Tuesday, March 10, 2015

Workflow Tools and the Coding Culture of Scientists

Sarah Poon, Nan-Chen Chen, Cecilia Aragon, Lavanya Ramakrishnan

In this project, our team consists of both computer scientists and HCI researchers who sit at the cross section of computer science and the domain sciences. We interact with the domain scientists to understand how they use computation to achieve their science goals and work with the computer scientists who are developing the tools necessary to efficiently run codes on supercomputers or analyze the data.

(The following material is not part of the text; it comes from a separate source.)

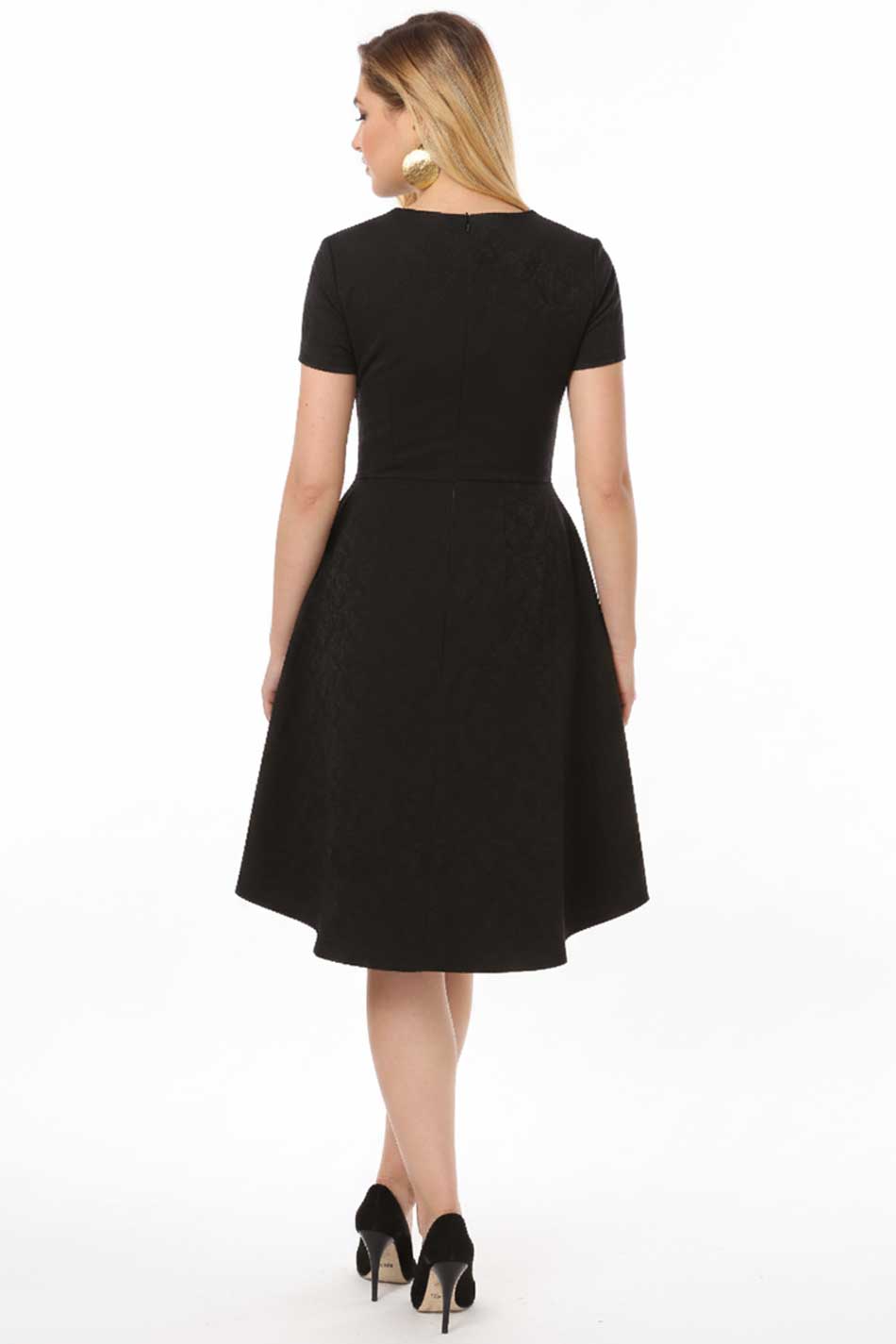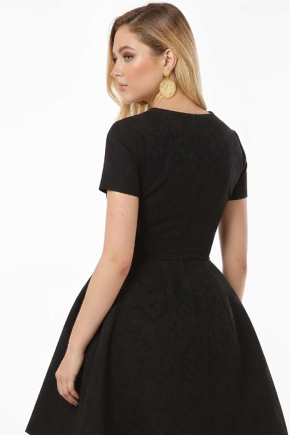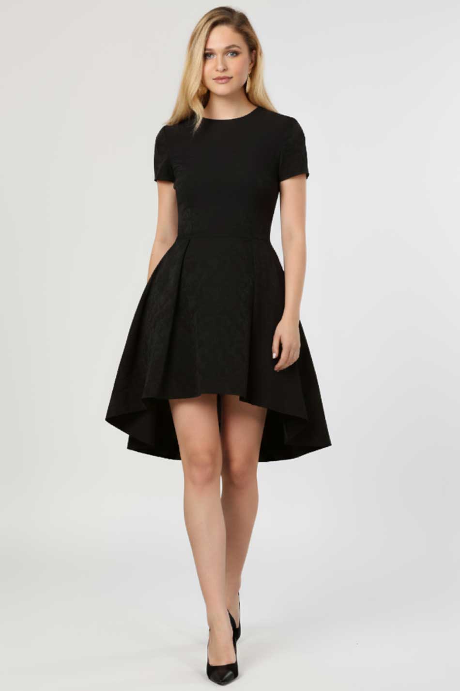 Elegancka i wyjątkowa sukienka mini uszyta z czarnej, bawełnianej tkaniny żakardowej o subtelnym, przestrzennym, kwiatowym wzorze. Plastyczny materiał doskonale układa się na sylwetce, jest miękki i przyjemny w dotyku, a wiskozowa podszewka zapewnia komfort noszenia. Asymetryczny fason, z krótszym przodem i dłuższym tyłem, nadaje sukience nowoczesnego charakteru. Prosta, dopasowana góra z krótkim rękawem i zabudowanym dekoltem podkreśla elegancję, a rozkloszowany dół z zakładkami z przodu i zaszewkami z tyłu dodaje lekkości i dynamiki. Sukienka wykończona jest zamkniętą konstrukcją spodnią, a kryty zamek z tyłu zapewnia idealne dopasowanie. To doskonały wybór na przyjęcia, wieczorne wyjścia i wyjątkowe okazje – ponadczasowa klasa i elegancja w najlepszym wydaniu! KLASA I ELEGANCJA!

In many cases, the domain scientists are the ones developing the science codes, the algorithms used to produce and analyze scientific data, while computer scientists develop tools and technologies to help the scientists run their codes on HPC systems.

Workflow Tools
Workflow libraries and systems offer many benefits to scientists to aid in the instrumentation of their codes to run on HPC. Staff members at the NERSC supercomputing facility in Oakland recently formed a workflows working group, with the aim of evaluating a subset of workflow tools that can be run and supported on HPC systems to serve the needs of scientific users.

The discussion of workflows and the qualities to look at when evaluating workflow tools deserves a more detailed analysis than what can be addressed here. Instead, we will briefly discuss one dimension, whether a scientist is able to design and author a workflow that will run efficiently at scale without the aid of a computer scientist or workflow tool expert. In the cases where workflow tools are used to support complex workflows (e.g., handling of very large amounts of data) careful workflow design is needed to effectively use HPC resources. Therefore, it is usually not the scientists themselves but workflow experts that write these workflows. In many of the use cases discussed at the workshop, these workflows were considered production workflows meant to be run over and over without much modification. Thus, the upfront investment of careful workflow design made sense to these groups.

Scientific work that that is more iterative often has workflows that are much more experimental in nature and require constant tweaking and revisions. In these cases, scientists have expressed the desire to be able to author the workflow themselves, without the aid of a computer scientist or workflow expert, usually in ways that fit naturally into their current coding environment. We have seen examples of high throughput workflows, where each run submits hundreds or thousands of application variants that are only run once. We have also seen examples of workflows that need to go into production but are provisional and require refinement. For these types of workflows, workflows tools that were expressly designed to be easy for people to self-author were a better fit. Similar to workflow tools, workflow types deserves a blog post of its own, which we will explore in a future blog post.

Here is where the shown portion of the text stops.